EXERCISE DETAILS: Pictures are to be left out, and only the lines from the one containing "This power adapter" through the last line of the data are to be returned exactly.

DATA PROVIDED:
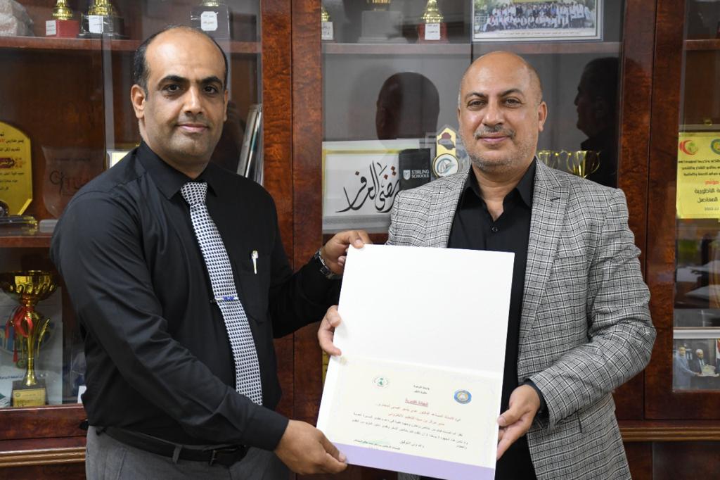 The Dean of the College of Medicine at the University of Basra honors the director of the Ibn Sina Center for E-Learning
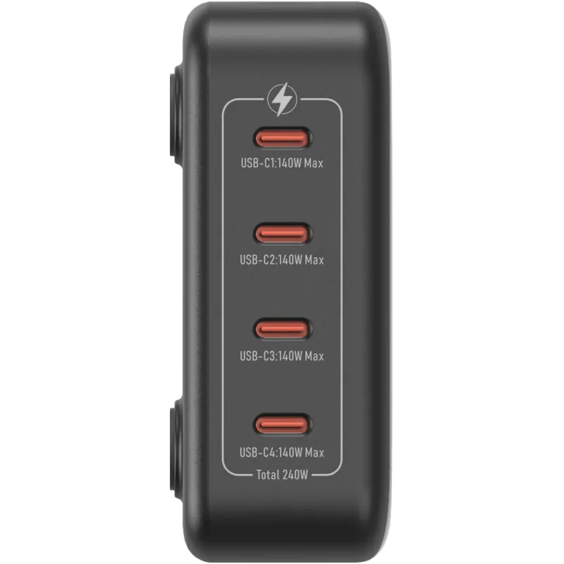 This power adapter features four ports, each supporting fast charging with a maximum output of 140W using PD3.1, enhancing charging efficiency for powerful devices. Each output port is equipped with short-circuit and overload protection for safe usage. Its compact design makes it ideal for travel and daily use.
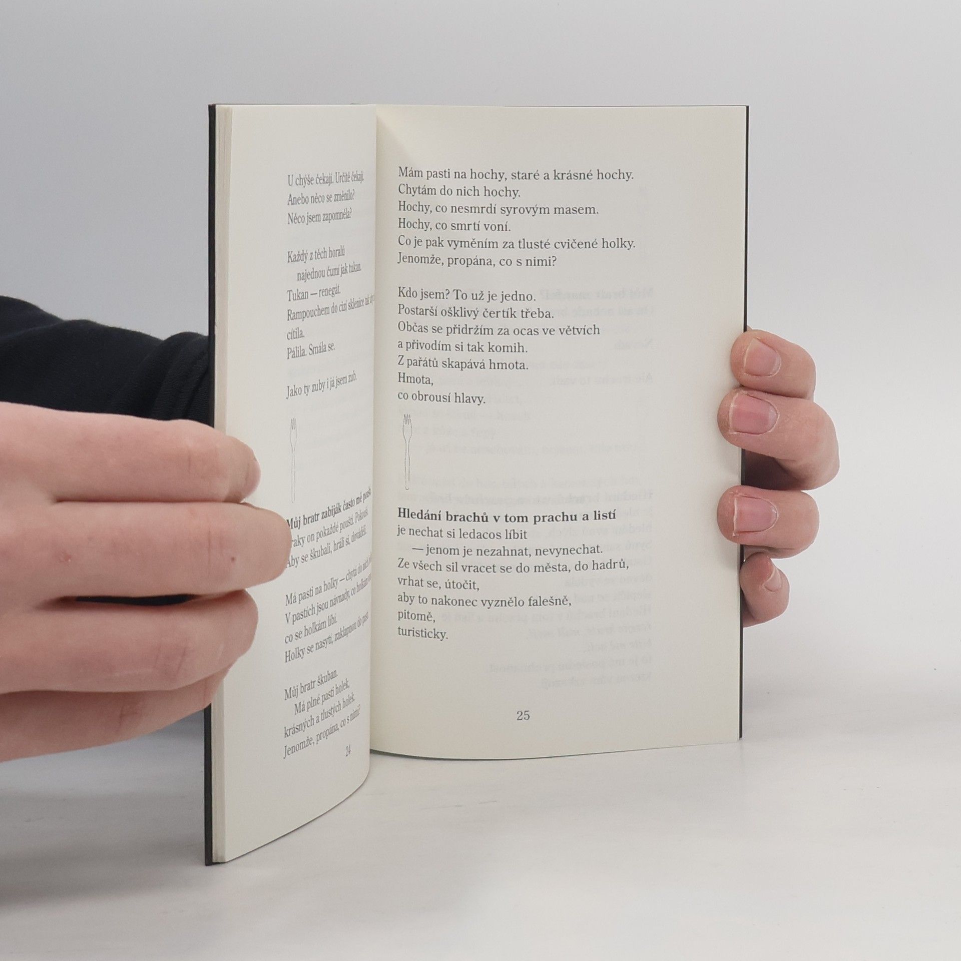 Autorčina třetí kniha obsahuje básnickou skladbu, v níž zaujme především silná expresivita. Tento příběh-nepříběh formálně navazuje na autorčinu oceněnou skladbu "Výmluva" (Ortenova cena 1996). V básni samotné má totiž dojít k určité události (v tomto případě k večeři), ale nikdy k ní nedochází. Pro autorku je už charakteristické, že se neustále vrací k jednotlivě rozehraným motivům, které jsou navíc podtrženy řadou asociací. Výsledkem pak zde je dojem celistvosti, neboť každá představa či náznak akce je zde funkční a má svůj řád.

EXERCISE RESULT:
 This power adapter features four ports, each supporting fast charging with a maximum output of 140W using PD3.1, enhancing charging efficiency for powerful devices. Each output port is equipped with short-circuit and overload protection for safe usage. Its compact design makes it ideal for travel and daily use.
 Autorčina třetí kniha obsahuje básnickou skladbu, v níž zaujme především silná expresivita. Tento příběh-nepříběh formálně navazuje na autorčinu oceněnou skladbu "Výmluva" (Ortenova cena 1996). V básni samotné má totiž dojít k určité události (v tomto případě k večeři), ale nikdy k ní nedochází. Pro autorku je už charakteristické, že se neustále vrací k jednotlivě rozehraným motivům, které jsou navíc podtrženy řadou asociací. Výsledkem pak zde je dojem celistvosti, neboť každá představa či náznak akce je zde funkční a má svůj řád.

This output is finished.